KGrEaT Evaluation Results of the KGs Aggregated by Task Type, Dataset and Metric for the recall-oriented Mapping Scenario.

Task Type	Dataset	Metric	DBP16	DBP22	YAGO3	CLGv1	CLGv2	CLGv3
Classification	Cities	Accuracy $↑$	0.751	0.698	0.760	0.807	0.656	0.760
	Forbes	Accuracy $↑$	0.537	0.486	0.590	0.586	0.546	0.556
	AAUP	Accuracy $↑$	0.612	0.584	0.588	0.595	0.557	0.634
	MetacriticMovies	Accuracy $↑$	0.725	0.709	0.691	0.719	0.710	0.718
	MetacriticAlbums	Accuracy $↑$	0.751	0.638	0.625	0.632	0.613	0.657
	ComicCharacters	Accuracy $↑$	0.119	0.081	0.478	0.484	0.476	0.475
	MillionSongDataset	Accuracy $↑$	0.156	0.139	0.584	0.584	0.588	0.589
Regression	Cities	RMSE $↓$	1.318	1.203	0.558	0.539	0.623	0.516
	Forbes	RMSE $↓$	1.137	1.156	0.595	0.596	0.607	0.595
	AAUP	RMSE $↓$	1.347	1.227	0.572	0.578	0.596	0.540
	MetacriticMovies	RMSE $↓$	0.969	0.965	0.482	0.461	0.468	0.462
	MetacriticAlbums	RMSE $↓$	0.962	1.035	0.547	0.534	0.546	0.518
Clustering	Teams	Accuracy $↑$	0.996	0.954	0.994	0.995	0.995	0.995
		ARI $↑$	0.318	0.151	0.061	0.043	0.050	0.090
		NMI $↑$	0.260	0.106	0.054	0.040	0.035	0.075
	ComicCharacters	Accuracy $↑$	0.115	0.076	0.473	0.460	0.465	0.474
		ARI $↑$	0.000	0.000	0.016	0.016	0.014	0.018
		NMI $↑$	0.171	0.174	0.008	0.008	0.006	0.006
	CitiesAndCountries	Accuracy $↑$	0.933	0.893	0.969	0.791	0.898	0.792
		ARI $↑$	0.733	0.676	0.863	0.065	0.609	0.030
		NMI $↑$	0.641	0.473	0.756	0.204	0.523	0.199
	Cities2000AndCountries	Accuracy $↑$	0.974	0.903	0.934	0.951	0.965	0.936
		ARI $↑$	0.900	0.764	0.754	0.814	0.865	0.761
		NMI $↑$	0.836	0.573	0.680	0.721	0.783	0.658
	CitiesMoviesAlbums-	Accuracy $↑$	0.880	0.823	0.941	0.963	0.877	0.916
	CompaniesUni	ARI $↑$	0.856	0.758	0.871	0.919	0.827	0.871
		NMI $↑$	0.743	0.650	0.845	0.882	0.727	0.841
Document Similarity	LP50	Spearman $↑$	0.412	0.342	0.451	0.443	0.444	0.386
		Pearson $↑$	0.631	0.596	0.670	0.669	0.659	0.618
		Harm.

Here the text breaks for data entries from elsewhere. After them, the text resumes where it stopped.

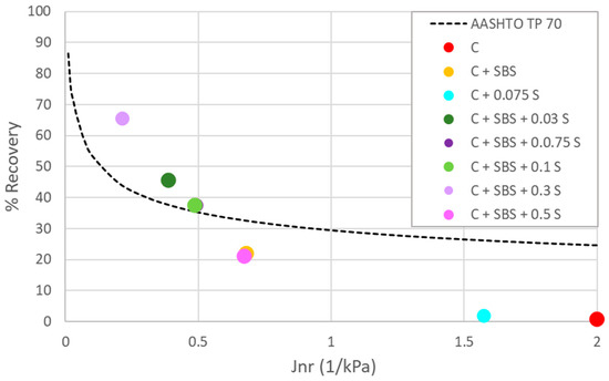 Figure 2 visually illustrates the outcomes of the polymer modification and introduction of sulfur into PMA. The control sample, as expected, has a low %recovery and does not meet the minimum value for its Jnr when tested at 3.2 kPa shear stress, according to the AASHTO TP 70 [46] criteria, indicating that the binder is not polymer-modified. Only the samples of PMA with added sulfur (0.03, 0.075, 0.1, and 0.3%) have a significant elastic response, which suggests that the presence of sulfur helps the polymer modification efficiency in terms of elastic recovery.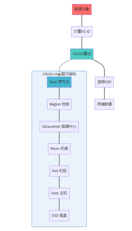 CRUSH(Controlled Replication Under Scalable Hashing)算法是Ceph的核心技术之一,它解决了一个关键问题:在众多存储节点中,如何决定数据应该存放在哪里?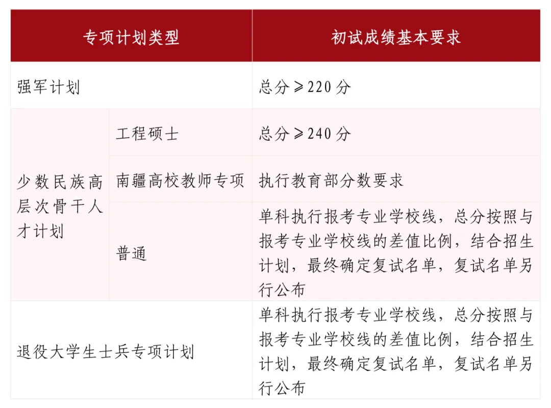 符合少數(shù)民族照顧政策(工作單位和戶籍在國(guó)務(wù)院公布的民族區(qū)域自治地方,且定向就業(yè)單位為原單位的少數(shù)民族在職人員)并已按規(guī)定申報(bào)的考生,按照教育部規(guī)定的初試成績(jī)要求進(jìn)入復(fù)試。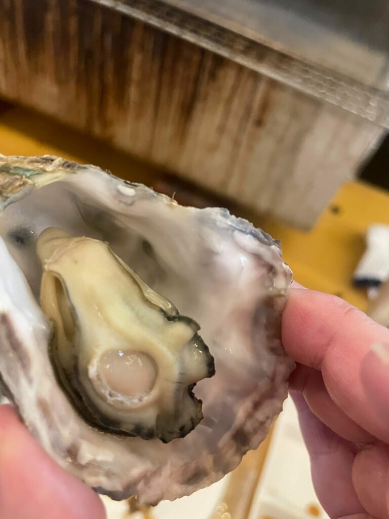 殻をむくと大きな身がプリッと出てきます! 焼いてもよし、生でそのまま食べてもよし、カキフライにしてもよし! クリーミーで食べごたえのあるこの岩牡蠣はまさに海のミルク!という感じです!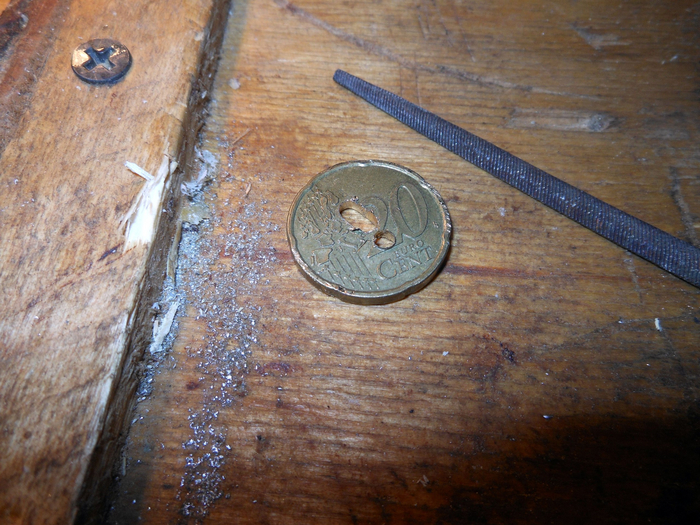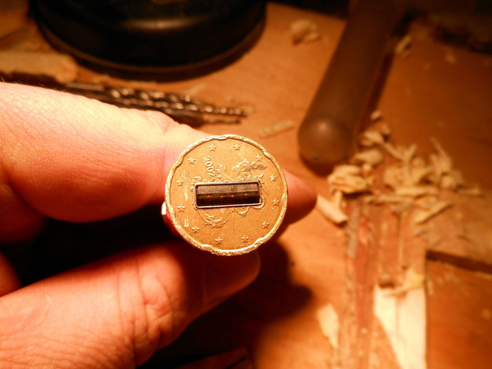 Потом так же кромсаем монеты. Несколько было испорчено, пока не нашлась не стальная внутри. Коллекционная штукенция, по нынешним-то временам.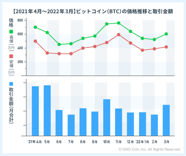 ビットコイン(BTC)は2021年11月の最高値更新後大きく価格を下げましたが、3月に入り価格は上昇傾向で、取引金額もやや増加しました。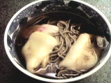 「力そば」といふ餅入りの蕎麦がある。充分煮込まれて柔らかくなつた餅が二切れ入つてゐる。それを喉につまらないやうに慎重に喰つた。こんな蕎麦が喰へるのも歯があればこそである。この店は刻み葱と若芽が入れ放題で氣前が良い。

Mean $↑$	0.492	0.431	0.539	0.533	0.531	0.475
Entity Relatedness	KORE	Kendall’s Tau $↑$	0.386	0.333	0.278	0.221	0.208	0.372
Semantic Analogies	CurrencyEntities	Accuracy $↑$	0.355	0.322	0.436	0.038	0.027	0.202
	CityStateEntities	Accuracy $↑$	0.440	0.409	0.214	0.444	0.066	0.484
	CapitalCountryEntities	Accuracy $↑$	0.990	0.844	0.800	0.925	0.490	0.923
	AllCapitalCountryEntities	Accuracy $↑$	0.928	0.818	0.719	0.831	0.624	0.857
Recommendation	MovieLens	F1-score $↑$	0.013	0.010	0.011	0.011	0.011	0.016
	LibraryThing	F1-score $↑$	0.013	0.013	0.006	0.009	0.007	0.014
	LastFm	F1-score $↑$	0.052	0.048	0.021	0.029	0.024	0.041

6. Conclusion and Outlook

6.1. Summary

With CaLiGraph, we presented a KG created from Wikipedia categories and lists, offering a rich taxonomy with semantic class descriptions, and going beyond the one-entity-per-page paradigm of DBpedia and YAGO, thus offering a much larger set of entities. We gave an overview of its extraction framework and summarized relevant information for potential users of the KG. The comparison of CaLiGraph to other popular public KGs shows that, despite its wealth in classes and entities, it can be favorable to use CaLiGraph in some scenarios, but there is no one-size-fits-all solution.

6.2. Limitations

In Section 2.3, we identified several challenges in the field of AKGC. We made a step forward for some of them, while others are yet to be addressed. For CaLiGraph, we can formulate some of these limitations in more detail:

Error Accumulation

AKGC in CaLiGraph is executed as a pipeline of automatic processing steps. Errors in early steps are propagated to subsequent steps and may create distortions with a high impact on the outcome. For example, in the recent version of CaLiGraph, an extraction error made Place in Myanmar a superclass of Village (explaining its large proportion in Figure 6). As this error occurred during OC, it affects all steps of KGP.

Entity Ambiguity

Ambiguity is one of the biggest challenges when identifying and disambiguating mentions of entities in text. As information about long-tail entities during extraction is sparse, the quality of such entities in CaLiGraph is not satisfactory yet.

Wikipedia Dependency

Currently, the CaLiGraph extraction targets a single version of Wikipedia only. Any information not contained in that version can consequently not be part of the KG. Further, we have no direct influence on the content of Wikipedia and hence have to deal with potential problems only during extraction.

DBpedia Dependency

CaLiGraph builds on the ontology of DBpedia, taking over all types and properties. While types are extended, the set of properties remains fixed, and knowledge can only be modeled within the bounds defined by the DBpedia ontology.

6.3. Future Work

For future work in CaLiGraph, the focus is divided between improving the quality of the existing KG and extending its coverage to incorporate more knowledge.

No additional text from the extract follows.